Data shown START

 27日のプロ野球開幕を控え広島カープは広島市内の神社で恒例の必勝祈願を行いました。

Data shown END
Data shown START

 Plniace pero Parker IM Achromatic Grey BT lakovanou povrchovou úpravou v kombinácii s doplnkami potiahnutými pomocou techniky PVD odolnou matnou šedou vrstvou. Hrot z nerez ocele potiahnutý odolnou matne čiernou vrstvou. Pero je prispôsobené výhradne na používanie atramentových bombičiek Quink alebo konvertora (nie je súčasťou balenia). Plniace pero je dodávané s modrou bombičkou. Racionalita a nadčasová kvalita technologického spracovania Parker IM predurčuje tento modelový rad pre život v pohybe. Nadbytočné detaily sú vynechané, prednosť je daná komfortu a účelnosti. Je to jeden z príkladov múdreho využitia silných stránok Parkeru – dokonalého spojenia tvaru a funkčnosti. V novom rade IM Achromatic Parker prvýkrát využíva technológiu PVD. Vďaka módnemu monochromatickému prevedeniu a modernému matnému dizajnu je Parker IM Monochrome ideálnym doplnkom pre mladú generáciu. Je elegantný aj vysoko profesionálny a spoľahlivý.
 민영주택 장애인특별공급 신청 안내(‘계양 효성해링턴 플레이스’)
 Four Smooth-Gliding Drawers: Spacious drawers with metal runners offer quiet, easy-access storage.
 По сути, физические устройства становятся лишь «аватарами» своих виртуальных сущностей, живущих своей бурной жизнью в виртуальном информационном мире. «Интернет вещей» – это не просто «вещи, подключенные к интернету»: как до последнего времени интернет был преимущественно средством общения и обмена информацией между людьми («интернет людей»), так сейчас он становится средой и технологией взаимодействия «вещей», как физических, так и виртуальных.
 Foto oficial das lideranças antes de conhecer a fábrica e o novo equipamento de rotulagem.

Data shown END
Data shown START

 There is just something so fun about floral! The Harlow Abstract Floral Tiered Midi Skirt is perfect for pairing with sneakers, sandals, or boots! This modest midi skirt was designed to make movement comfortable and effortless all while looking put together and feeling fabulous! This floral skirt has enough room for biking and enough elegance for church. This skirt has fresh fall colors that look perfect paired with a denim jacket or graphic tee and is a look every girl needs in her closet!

Data shown END

## Your goal:
Above is a listing; print exactly its lines from the one with "민영주택 장애인특별공급 신청 안내(‘계양 효성해링턴 플레이스’)" through the one with "Four Smooth-Gliding Drawers: Spacious", and no other lines.

## Exercise result:
 민영주택 장애인특별공급 신청 안내(‘계양 효성해링턴 플레이스’)
 Four Smooth-Gliding Drawers: Spacious drawers with metal runners offer quiet, easy-access storage.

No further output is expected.